BACKGROUND AND PURPOSE: Rabbit aneurysm models are used for the testing of embolization devices and elucidating the mechanisms of human intracranial aneurysm growth and healing. We used RNA-sequencing technology to identify genes relevant to induced rabbit aneurysm biology and to identify genes and pathways of potential clinical interest. This process included sequencing microRNAs, which are important regulatory noncoding RNAs. MATERIALS AND METHODS: Elastase-induced saccular aneurysms were created at the origin of the right common carotid artery in 6 rabbits. Messenger RNA and microRNA were isolated from the aneurysm and from the control left common carotid artery at 12 weeks and processed by using RNA-sequencing technology. The results from RNA sequencing were analyzed by using the Ingenuity Pathway Analysis tool.
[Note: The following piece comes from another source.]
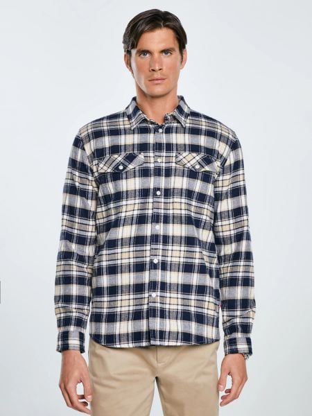 Koszula męska flanelowa w kratę beżowo-granatowa Kolisero 801
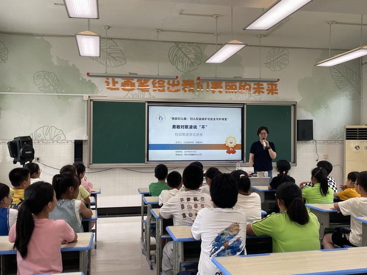 保护未成年人就是保护国家的未来、民族的希望。为进一步提升青少年对未成年人保护法的了解,呵护青少年健康成长,西夏墅中心小学联合华墅社区妇联于6月14日开展了主题为“勇敢对欺凌说‘不’”校园欺凌普法讲座。活动邀请了北京大成律师事务所的许靓律师为队员们普法。

RESULTS: A total of 9396 genes were analyzed by using RNA sequencing, 648 (6.9%) of which were found to be significantly differentially expressed between the aneurysms and control tissues (P < .05; false-discovery rate, <0.01; fold change, >2 or <.5). Of these genes, 614 were mapped successfully, 143 were down-regulated, and 471 were up-regulated in the aneurysms as compared with controls. Using the same criteria for significance, 3 microRNAs were identified as down-regulated and 5 were identified as up-regulated. Pathway analysis associated these genes with inflammatory response, cellular migration, and coagulation, among other functions and pathologies. CONCLUSIONS: RNA-sequencing analysis of rabbit aneurysms revealed differential regulation of some key pathways, including inflammation and antigen presentation. ANKRD1 and TACR1 were identified as genes of interest in the regulation of matrix metalloproteinases.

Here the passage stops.